Three-year goal set for step change in welfare and wellbeing support

A target has been set for ensuring that every officer and member of police staff feels their force is looking after their mental and physical wellbeing.

Jul 3, 2018
By Kevin Hearty
Nick Hurd: 'We have heard the message that police welfare support must improve'

The Home Office has given itself until 2021 to introduce a step change in police culture that will allow policing’s workforce to feel its welfare and wellbeing are being properly supported.

The deadline, laid out in the Government’s ‘A common goal for police wellbeing’ strategy, encourages a focus on preventing mental health issues, early intervention and embedding resilience in officers.

It follows research that showed four in five police officers have suffered from mental health issues in the last year.

Policing and Fire Minister Nick Hurd said: “We have heard the message that police welfare support must improve. Officers put themselves in harm’s way to protect the public, so it’s vital the government and chief officers have their back.

“This goal represents a real step towards police leaders ensuring every member of their force feels valued and supported, but it won’t solve the issue by itself – action must follow.”

Findings from the Police Federation of England and Wales’ (PFEW) demand, capacity and welfare survey show 80 per cent of officers claim to suffer from stress, low mood and issues with anxiety.

More than nine in ten of these officers believe their poor psychological state had been caused or made worse by their experiences at work.

The new goal for wellbeing, announced on Tuesday (July 3), grew out of a roundtable event chaired by Mr Hurd in January that received input from police leaders and health experts from around the country.

It states that by 2021, “every member of the police service will feel confident that their welfare and wellbeing is actively supported by their force”.

By signing up to the pledge, chief officers will promise to develop a culture in forces that helps officers and staff with wellbeing issues as soon as possible.

It will also commit them to helping personnel access appropriate support when they need it, and offering assistance including occupational health and effective line management.

This will include signposts to support organisations such as charities that can help officers and staff who are facing more specific challenges.

Former Home Secretary Amber Rudd awarded £7.5 million to the College of Policing last July to pilot and fund a dedicated national welfare service, including a mapping project to clarify the picture of police wellbeing across England and Wales.

Another £7 million was given to mental health charity Mind to support its Blue Light Wellbeing Programme, which provides mental health care to members of the emergency services.

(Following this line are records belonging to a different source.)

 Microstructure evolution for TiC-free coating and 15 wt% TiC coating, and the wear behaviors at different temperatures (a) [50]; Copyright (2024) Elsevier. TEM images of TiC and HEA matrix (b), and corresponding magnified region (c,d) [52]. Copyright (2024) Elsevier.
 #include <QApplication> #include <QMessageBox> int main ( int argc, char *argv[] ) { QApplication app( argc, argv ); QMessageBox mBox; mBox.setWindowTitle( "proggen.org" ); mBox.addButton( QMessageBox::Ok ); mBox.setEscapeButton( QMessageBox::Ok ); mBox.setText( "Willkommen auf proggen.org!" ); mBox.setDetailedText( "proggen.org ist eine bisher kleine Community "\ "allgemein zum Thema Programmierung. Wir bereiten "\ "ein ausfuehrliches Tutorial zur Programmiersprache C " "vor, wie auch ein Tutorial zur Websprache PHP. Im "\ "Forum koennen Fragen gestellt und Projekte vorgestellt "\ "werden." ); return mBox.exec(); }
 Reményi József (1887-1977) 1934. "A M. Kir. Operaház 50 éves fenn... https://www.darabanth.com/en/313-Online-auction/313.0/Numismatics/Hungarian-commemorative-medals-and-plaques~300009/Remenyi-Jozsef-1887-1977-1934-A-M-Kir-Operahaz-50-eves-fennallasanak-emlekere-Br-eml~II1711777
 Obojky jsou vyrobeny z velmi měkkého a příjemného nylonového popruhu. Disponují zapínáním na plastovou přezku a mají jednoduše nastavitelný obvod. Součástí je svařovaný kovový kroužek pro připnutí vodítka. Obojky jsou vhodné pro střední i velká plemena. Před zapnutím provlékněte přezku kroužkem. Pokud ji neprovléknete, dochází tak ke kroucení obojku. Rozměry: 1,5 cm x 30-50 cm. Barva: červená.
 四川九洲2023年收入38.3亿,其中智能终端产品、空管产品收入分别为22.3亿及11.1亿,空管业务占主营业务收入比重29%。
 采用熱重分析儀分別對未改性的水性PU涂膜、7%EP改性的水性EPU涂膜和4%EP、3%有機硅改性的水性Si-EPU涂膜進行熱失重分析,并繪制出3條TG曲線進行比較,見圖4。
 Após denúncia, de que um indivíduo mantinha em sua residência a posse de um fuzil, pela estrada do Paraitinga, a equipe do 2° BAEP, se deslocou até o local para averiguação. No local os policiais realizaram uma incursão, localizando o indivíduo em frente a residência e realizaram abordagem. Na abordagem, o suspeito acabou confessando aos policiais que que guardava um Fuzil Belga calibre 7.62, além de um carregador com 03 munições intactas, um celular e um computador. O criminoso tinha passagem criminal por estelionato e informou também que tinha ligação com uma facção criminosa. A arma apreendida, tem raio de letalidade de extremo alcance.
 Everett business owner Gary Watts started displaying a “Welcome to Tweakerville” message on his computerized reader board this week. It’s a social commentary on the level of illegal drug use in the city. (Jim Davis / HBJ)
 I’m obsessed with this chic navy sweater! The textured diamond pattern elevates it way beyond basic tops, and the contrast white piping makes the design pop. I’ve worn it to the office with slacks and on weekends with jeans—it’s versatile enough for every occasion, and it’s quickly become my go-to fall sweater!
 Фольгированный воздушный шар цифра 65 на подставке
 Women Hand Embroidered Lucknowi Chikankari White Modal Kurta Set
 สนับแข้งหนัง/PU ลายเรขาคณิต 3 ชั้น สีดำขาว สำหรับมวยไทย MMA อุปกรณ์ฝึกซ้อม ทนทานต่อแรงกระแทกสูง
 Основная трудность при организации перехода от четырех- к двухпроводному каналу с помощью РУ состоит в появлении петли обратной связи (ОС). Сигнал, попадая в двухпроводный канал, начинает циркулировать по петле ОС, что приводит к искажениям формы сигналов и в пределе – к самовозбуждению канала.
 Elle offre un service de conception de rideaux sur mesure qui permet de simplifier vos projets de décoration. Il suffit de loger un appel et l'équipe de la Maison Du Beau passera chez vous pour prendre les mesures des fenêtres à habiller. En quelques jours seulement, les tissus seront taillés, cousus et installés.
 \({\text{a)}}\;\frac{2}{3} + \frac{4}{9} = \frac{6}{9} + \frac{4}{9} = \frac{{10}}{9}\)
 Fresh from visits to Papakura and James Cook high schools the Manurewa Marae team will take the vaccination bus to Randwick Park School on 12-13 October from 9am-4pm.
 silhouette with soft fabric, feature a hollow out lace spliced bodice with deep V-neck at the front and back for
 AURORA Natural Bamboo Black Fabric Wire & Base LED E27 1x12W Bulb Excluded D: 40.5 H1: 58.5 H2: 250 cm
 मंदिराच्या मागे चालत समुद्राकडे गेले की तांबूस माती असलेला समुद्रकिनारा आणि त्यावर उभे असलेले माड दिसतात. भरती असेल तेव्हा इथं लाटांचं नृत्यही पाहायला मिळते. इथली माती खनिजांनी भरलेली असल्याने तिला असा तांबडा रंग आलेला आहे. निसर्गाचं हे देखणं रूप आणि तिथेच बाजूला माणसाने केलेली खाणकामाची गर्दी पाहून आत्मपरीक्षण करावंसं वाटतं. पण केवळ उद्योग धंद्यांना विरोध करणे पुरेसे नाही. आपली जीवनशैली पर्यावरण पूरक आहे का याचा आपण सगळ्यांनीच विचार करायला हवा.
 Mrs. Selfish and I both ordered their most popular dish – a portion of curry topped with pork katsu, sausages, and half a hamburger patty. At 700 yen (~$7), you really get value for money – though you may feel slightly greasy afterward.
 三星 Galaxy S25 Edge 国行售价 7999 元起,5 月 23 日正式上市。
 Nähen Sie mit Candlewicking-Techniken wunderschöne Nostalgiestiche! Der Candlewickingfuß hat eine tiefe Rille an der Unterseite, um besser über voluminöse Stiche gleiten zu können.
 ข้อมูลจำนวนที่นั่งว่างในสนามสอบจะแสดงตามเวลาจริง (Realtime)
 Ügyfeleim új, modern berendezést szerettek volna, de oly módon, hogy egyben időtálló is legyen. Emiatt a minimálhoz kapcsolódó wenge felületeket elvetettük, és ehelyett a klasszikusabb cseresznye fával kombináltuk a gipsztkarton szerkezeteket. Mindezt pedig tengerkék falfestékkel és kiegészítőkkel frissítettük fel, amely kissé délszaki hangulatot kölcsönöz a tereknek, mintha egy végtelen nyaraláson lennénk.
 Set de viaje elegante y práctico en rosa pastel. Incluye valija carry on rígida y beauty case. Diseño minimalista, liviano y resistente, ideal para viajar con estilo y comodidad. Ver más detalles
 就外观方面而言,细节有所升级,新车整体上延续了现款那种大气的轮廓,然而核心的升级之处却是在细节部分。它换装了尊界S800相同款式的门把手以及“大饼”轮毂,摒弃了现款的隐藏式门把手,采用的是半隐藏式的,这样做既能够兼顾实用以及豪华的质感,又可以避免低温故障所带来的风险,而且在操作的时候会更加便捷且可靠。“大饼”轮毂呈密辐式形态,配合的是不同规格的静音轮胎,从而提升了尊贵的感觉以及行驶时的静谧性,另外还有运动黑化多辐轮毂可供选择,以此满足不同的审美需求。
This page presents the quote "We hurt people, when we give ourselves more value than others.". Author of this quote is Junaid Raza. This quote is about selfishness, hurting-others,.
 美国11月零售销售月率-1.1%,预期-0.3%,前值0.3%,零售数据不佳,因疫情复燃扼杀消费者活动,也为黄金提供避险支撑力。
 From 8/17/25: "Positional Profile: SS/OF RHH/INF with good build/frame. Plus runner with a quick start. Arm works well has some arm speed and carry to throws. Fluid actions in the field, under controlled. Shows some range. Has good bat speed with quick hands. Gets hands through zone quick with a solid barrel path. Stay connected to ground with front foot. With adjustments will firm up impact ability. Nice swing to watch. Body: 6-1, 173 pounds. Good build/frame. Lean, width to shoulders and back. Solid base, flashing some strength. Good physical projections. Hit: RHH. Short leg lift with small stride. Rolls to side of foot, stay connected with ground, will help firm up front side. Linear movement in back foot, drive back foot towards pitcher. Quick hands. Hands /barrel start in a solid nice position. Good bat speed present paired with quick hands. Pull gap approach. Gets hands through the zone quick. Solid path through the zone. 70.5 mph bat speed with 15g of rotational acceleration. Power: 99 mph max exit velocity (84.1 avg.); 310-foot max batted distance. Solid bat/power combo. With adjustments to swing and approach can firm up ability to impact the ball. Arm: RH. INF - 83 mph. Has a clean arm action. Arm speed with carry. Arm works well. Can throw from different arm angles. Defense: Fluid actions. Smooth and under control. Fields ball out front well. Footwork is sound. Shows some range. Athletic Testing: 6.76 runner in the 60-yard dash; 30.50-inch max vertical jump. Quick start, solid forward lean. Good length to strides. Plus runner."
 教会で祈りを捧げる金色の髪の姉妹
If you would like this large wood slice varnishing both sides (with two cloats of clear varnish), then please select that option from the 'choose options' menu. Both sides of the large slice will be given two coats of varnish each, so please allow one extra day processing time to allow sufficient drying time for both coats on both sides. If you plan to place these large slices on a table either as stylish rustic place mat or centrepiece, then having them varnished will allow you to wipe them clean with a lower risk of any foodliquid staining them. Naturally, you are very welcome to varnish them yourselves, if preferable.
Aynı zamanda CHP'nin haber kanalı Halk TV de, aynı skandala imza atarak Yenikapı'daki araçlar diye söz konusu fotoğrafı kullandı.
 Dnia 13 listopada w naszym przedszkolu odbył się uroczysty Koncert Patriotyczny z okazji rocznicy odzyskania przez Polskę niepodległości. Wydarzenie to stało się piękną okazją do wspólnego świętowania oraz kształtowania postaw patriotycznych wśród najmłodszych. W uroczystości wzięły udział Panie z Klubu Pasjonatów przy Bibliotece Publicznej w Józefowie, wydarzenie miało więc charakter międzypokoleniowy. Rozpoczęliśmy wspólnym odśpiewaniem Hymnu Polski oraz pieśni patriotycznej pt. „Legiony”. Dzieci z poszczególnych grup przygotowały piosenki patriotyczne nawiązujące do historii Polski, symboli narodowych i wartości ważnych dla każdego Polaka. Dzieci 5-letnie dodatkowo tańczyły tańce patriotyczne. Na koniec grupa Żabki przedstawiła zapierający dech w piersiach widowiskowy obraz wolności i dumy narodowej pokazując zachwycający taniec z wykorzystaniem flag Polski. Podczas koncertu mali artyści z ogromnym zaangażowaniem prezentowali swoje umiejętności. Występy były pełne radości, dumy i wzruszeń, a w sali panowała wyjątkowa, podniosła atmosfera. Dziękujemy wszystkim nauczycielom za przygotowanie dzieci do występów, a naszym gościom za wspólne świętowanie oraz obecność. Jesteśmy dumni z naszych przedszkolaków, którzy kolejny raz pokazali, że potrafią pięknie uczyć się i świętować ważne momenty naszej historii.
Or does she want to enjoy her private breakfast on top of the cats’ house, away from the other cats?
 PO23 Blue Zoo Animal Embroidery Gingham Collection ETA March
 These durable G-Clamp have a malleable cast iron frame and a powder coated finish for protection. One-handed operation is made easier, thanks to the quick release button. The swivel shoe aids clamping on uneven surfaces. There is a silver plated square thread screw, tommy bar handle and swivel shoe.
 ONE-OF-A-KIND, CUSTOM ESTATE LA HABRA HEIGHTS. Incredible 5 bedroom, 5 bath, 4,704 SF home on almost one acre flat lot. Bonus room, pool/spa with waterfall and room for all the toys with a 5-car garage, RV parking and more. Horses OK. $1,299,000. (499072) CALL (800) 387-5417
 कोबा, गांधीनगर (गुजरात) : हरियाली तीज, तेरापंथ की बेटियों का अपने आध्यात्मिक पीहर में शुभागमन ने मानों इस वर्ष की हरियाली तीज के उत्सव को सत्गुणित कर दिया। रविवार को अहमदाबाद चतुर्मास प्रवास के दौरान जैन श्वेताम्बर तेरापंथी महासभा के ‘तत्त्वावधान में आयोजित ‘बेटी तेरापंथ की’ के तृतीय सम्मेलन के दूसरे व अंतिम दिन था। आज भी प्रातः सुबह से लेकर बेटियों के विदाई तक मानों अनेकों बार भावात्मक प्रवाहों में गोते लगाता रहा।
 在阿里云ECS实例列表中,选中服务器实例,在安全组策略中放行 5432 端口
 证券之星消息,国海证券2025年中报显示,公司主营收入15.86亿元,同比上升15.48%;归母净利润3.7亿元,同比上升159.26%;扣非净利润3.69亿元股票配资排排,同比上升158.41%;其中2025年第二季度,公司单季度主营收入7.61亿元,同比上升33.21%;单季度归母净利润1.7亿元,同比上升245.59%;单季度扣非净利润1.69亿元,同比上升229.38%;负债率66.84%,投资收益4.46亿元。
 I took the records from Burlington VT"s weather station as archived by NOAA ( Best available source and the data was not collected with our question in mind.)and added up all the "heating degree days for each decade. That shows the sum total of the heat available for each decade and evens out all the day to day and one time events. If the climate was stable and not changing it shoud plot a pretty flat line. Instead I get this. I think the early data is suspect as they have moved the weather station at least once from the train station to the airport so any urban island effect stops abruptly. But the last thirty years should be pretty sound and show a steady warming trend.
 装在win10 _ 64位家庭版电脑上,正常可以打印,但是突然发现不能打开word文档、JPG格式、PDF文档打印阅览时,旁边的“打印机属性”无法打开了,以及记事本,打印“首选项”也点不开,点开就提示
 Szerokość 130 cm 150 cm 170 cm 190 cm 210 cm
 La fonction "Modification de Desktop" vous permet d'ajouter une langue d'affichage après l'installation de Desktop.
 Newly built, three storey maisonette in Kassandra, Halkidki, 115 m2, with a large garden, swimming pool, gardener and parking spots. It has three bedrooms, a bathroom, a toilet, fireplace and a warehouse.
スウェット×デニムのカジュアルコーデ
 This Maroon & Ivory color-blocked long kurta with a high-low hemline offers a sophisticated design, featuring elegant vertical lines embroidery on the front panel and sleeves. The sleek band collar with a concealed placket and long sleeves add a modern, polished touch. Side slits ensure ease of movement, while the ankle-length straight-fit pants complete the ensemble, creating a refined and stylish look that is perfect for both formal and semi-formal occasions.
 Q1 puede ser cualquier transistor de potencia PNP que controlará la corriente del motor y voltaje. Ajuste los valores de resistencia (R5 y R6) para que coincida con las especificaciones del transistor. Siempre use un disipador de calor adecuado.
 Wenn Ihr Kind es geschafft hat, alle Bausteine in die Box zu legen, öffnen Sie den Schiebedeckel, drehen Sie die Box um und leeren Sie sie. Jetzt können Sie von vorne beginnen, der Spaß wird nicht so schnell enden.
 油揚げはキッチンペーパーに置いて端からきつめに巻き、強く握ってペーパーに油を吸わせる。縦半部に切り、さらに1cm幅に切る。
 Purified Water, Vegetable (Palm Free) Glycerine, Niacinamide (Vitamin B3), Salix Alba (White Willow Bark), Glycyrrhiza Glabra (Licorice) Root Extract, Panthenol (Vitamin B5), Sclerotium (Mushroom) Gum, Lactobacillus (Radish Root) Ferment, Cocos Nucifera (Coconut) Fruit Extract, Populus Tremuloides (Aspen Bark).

Chief Constable Andy Rhodes, wellbeing and engagement lead for the National Police Chiefs Council, claimed the target will definitely be achievable and has personally played a role in bringing the deadline forward.

The goal was also welcomed by Che Donald, vice-chair of the Police Federation of England and Wales (PFEW), as a “positive step forward to improving the welfare support available to officers up and down the country”.

He added: “The timescales for officers to see and feel this support on the ground will be key to convincing them that the chiefs mean action.

“Resilience in the police service is at an all-time low – with unprecedented cuts and officers being asked to do more with fewer resources – it’s no surprise that this is having an overwhelming negative impact on their health and wellbeing.”